# Data Exploration

### Context

On the occasion of the Womens day on March 8th, 2019, tweets were collected from Twitter to create the dataset with which the sentiment analysis of this work will be carried out.

This notebook will explore the dataset to get information about the event. 

We start by importing the libraries and configuring some settings:

In [None]:
import pandas as pd
import re
import string
import unicodedata
import matplotlib.pyplot as plt
from matplotlib.backends.backend_pdf import PdfPages
import nltk
from nltk.corpus import stopwords
from wordcloud import WordCloud
pd.set_option('max_colwidth',150)

Firstly, we load the processed data from the input csv file:

In [None]:
df = pd.read_csv("ejecuciones_codigo/3_preprocessed_tweets_8M.csv", sep="|", lineterminator='\n', low_memory=False)
df.head()
df.shape

- According to `Created date` fields, this is the first tweet extracted from the protest day.

In [None]:
first_tweet = df.sort_values(by=["created_date"],ascending=True)[["tweets", "created_date", "source", "RTs", "user_name", "user_location"]].head(1).iloc[0]
first_tweet

- 
This is the last one:

In [None]:
last_tweet = df.sort_values(by=["created_date"],ascending=True)[["tweets", "created_date", "source", "RTs", "user_name", "user_location"]].tail(1).iloc[0]
last_tweet

- This is the tweet with most retweets:

In [None]:
df.sort_values(by=["RTs"],ascending=False)[["tweets", "created_date", "source", "RTs", "user_name", "user_location"]].head(1).iloc[0]

- This is the tweets with more likes:

In [None]:
df.sort_values(by=["likes"],ascending=False)[["tweets", "created_date", "source", "RTs", "likes", "user_name", "user_location"]].head(1).iloc[0]

- This is the Top10 of most used sources to post on Twitter:

In [None]:
topsources_tweets = df.groupby("source")[["tweets"]].count()
topsources_tweets.columns = ["Number of Tweets"]
top10_sources = topsources_tweets.sort_values("Number of Tweets", ascending=False).head(10)
top10 = top10_sources.plot.barh(y="Number of Tweets")
top10_sources

Now, we will see the length of the tweets. Keep in mind that on previous notebooks *1_Preprocessing_Tweets*, some tweets have been removed due to exceed length. For this reason, the maximun length is under 140.

In [None]:
df["tweet_long"].plot(kind="hist" , bins=20 , figsize=(15,5))
plt.xlabel('tweet_long')
plt.ylabel('Frequency')
plt.title('Histogram of long')
plt.show()

Now, we are going to explore more frequent location where people had post on March 8th and 9th.

In [None]:
toplocations_tweets = df.groupby("user_location")[["tweets"]].count().dropna(how="all")
toplocations_tweets.columns = ["Number of Tweets"]
top10_locations = toplocations_tweets.sort_values("Number of Tweets", ascending=False).head(10)
top10_locations.plot.barh(y="Number of Tweets")
top10_locations

This plot shows that Madrid and Argentina are the places with more activity on Twitter on 8th and 9th of March 2019.

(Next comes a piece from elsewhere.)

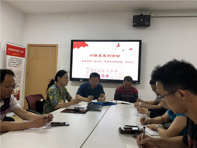为贯彻落实PA视讯“六个联系”工作机制要求,民族体育与表演系第一党支部、体育表演教研室与学科办于6月7日上午,在综合馆二楼团委会议室召开了工作对接会。与会人员有学科办盛蕾处长孙国有副处长及学科办所有成员、民族体育与表演系第一党支部部分党员及体育表演教研室部分教师(其余教师因上课未能参加)参加了此次会议,会上就具体对接内容进行了交流和探讨。本次会议由第一党支部书记、体育表演教研室主任江山老师主持。

As we see above, there *user_location* is not normalizer because it is a text field were users can write down same location in different ways. 

For example:

`Madrid, Comunidad de Madrid` is same as `Madrid`

`Santiago, Chile` is equal to `Chile`

In [None]:
def delete_accent_mark(word):
    s = ''.join((c for c in unicodedata.normalize('NFD',word) if unicodedata.category(c) != 'Mn'))
    return s

def get_hashtags(sentence):
    hashtags = []
    puntuation = string.punctuation.replace("#", "") + "¿¡…“”"
    for word in sentence.split():
        if word.startswith("#"):
            word = word.lower()
            word = re.sub('\[.*?¿\]\%', ' ', word)
            word = re.sub('[%s]' % re.escape(puntuation), '', word)
            word = delete_accent_mark(word)
            hashtags.append(word)
    return hashtags

Now, we are going to explore most common hashtags on March 8th and 9th.

In [None]:
hashtags = list(map(lambda tweet: get_hashtags(tweet), df["tweets"]))

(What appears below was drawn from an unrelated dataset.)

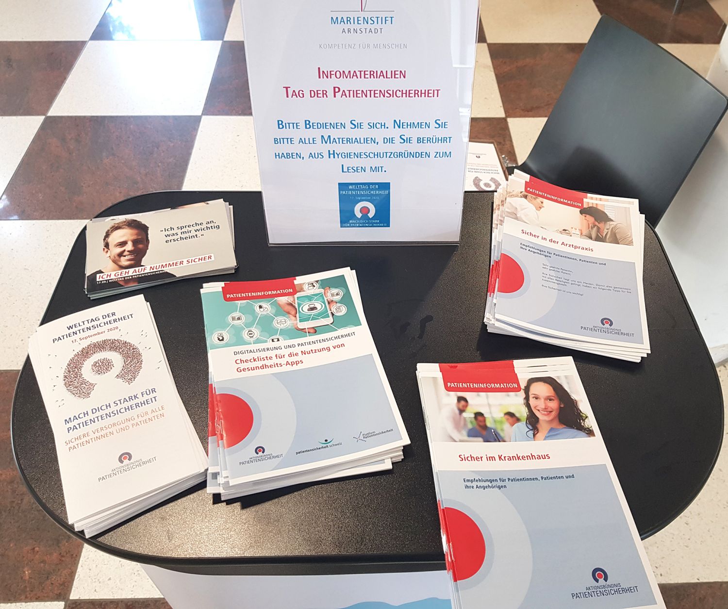 Weil in diesem Jahr der internationale Aktionstag unter dem Thema „Mitarbeitersicherheit“ steht, haben wir unsere Aktionen zweigeteilt: „Wir machen uns stark – für Sie!“ umfasst den Part Patientensicherheit mit Infostand und Material rund um die Themen Arzneimittelsicherheit, Umgang mit Gesundheits-Apps, Ratgeber für Arztbesuch und Klinikaufenthalt etc.

hashtags_tweets_general = []
for item in hashtags:
    for elem in item:
        if elem not in hashtags_tweets_general:
            hashtags_tweets_general.append(delete_accent_mark(elem))
        
hashtags_tweets_8m = []
for item in hashtags:
    for elem in item:
        if not elem.startswith("#8M") and not elem.startswith("#8m") and (elem not in hashtags_tweets_8m):
            hashtags_tweets_8m.append(delete_accent_mark(elem))

            
has    = " ".join(h for h in hashtags_tweets_general)            
has_8m = " ".join(h for h in hashtags_tweets_8m)
has_8m

We will represent the most popular hashtags in a worldcloud.

In [None]:
stop = nltk.corpus.stopwords.words("spanish")
wc_8m = WordCloud(width = 800, 
               height = 800, 
               background_color ='white', 
               stopwords = stop, 
               colormap ="Dark2",
               min_font_size = 10,
               max_font_size = 150,
               random_state = 42,
               normalize_plurals = True).generate(has_8m)

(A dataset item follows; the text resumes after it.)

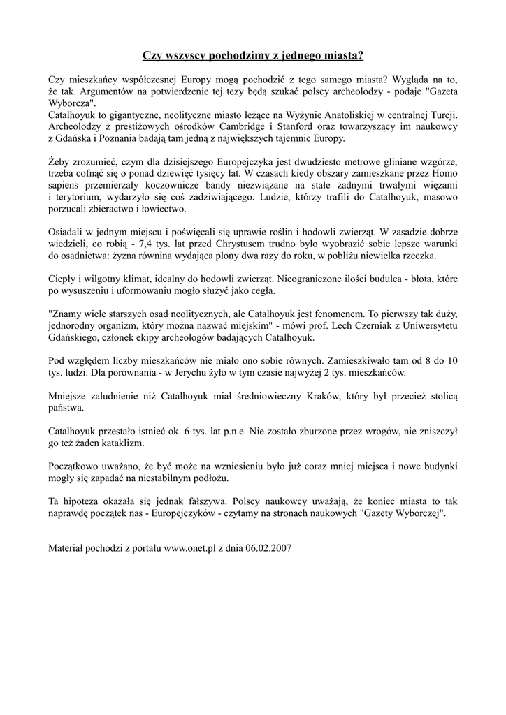 Czy wszyscy pochodzimy z jednego miasta? Czy mieszkańcy współczesnej Europy mogą pochodzić z tego samego miasta? Wygląda na to, że tak. Argumentów na potwierdzenie tej tezy będą szukać polscy archeolodzy - podaje "Gazeta Wyborcza". Catalhoyuk to gigantyczne, neolityczne miasto leżące na Wyżynie Anatoliskiej w centralnej Turcji. Archeolodzy z prestiżowych ośrodków Cambridge i Stanford oraz towarzyszący im naukowcy z Gdańska i Poznania badają tam jedną z największych tajemnic Europy. Żeby zrozumieć, czym dla dzisiejszego Europejczyka jest dwudziesto metrowe gliniane wzgórze, trzeba cofnąć się o ponad dziewięć tysięcy lat. W czasach kiedy obszary zamieszkane przez Homo sapiens przemierzały koczownicze bandy niezwiązane na stałe żadnymi trwałymi więzami i terytorium, wydarzyło się coś zadziwiającego. Ludzie, którzy trafili do Catalhoyuk, masowo porzucali zbieractwo i łowiectwo. Osiadali w jednym miejscu i poświęcali się uprawie roślin i hodowli zwierząt. W zasadzie dobrze wiedzieli, co robią - 7,4 tys. lat przed Chrystusem trudno było wyobrazić sobie lepsze warunki do osadnictwa: żyzna równina wydająca plony dwa razy do roku, w pobliżu niewielka rzeczka. Ciepły i wilgotny klimat, idealny do hodowli zwierząt. Nieograniczone ilości budulca - błota, które po wysuszeniu i uformowaniu mogło służyć jako cegła. "Znamy wiele starszych osad neolitycznych, ale Catalhoyuk jest fenomenem. To pierwszy tak duży, jednorodny organizm, który można nazwać miejskim" - mówi prof. Lech Czerniak z Uniwersytetu Gdańskiego, członek ekipy archeologów badających Catalhoyuk. Pod względem liczby mieszkańców nie miało ono sobie równych. Zamieszkiwało tam od 8 do 10 tys. ludzi. Dla porównania - w Jerychu żyło w tym czasie najwyżej 2 tys. mieszkańców. Mniejsze zaludnienie niż Catalhoyuk miał średniowieczny Kraków, który był przecież stolicą państwa. Catalhoyuk przestało istnieć ok. 6 tys. lat p.n.e. Nie zostało zburzone przez wrogów, nie zniszczył go też żaden kataklizm. Początkowo uważano, że być może na wzniesieniu było już coraz mniej miejsca i nowe budynki mogły się zapadać na niestabilnym podłożu. Ta hipoteza okazała się jednak fałszywa. Polscy naukowcy uważają, że koniec miasta to tak naprawdę początek nas - Europejczyków - czytamy na stronach naukowych "Gazety Wyborczej". Materiał pochodzi z portalu www.onet.pl z dnia 06.02.2007

# plot the WordCloud image  
plt.imshow(wc_8m, interpolation ='bilinear')
plt.rcParams['figure.figsize'] = [15,15]
plt.axis("off")
plt.title("8M Hashtags WordCloud")
plt.show()      

In [None]:
stop = nltk.corpus.stopwords.words("spanish")
wc = WordCloud(width = 800, 
               height = 800, 
               background_color ='white', 
               stopwords = stop, 
               colormap ="Dark2",
               min_font_size = 10,
               max_font_size = 150,
               random_state = 42,
               normalize_plurals = True).generate(has)

# plot the WordCloud image  
plt.imshow(wc, interpolation ='bilinear')
plt.rcParams['figure.figsize'] = [15,15]
plt.axis("off")
plt.title("General 8M Hashtags WordCloud")
plt.show()  

Saving the image into a .png file:

In [None]:
wc.to_file("ejecuciones_codigo/8M_hashtags_wordcloud.png")
wc_8m.to_file("ejecuciones_codigo/General_8M_hashtags_wordcloud.png")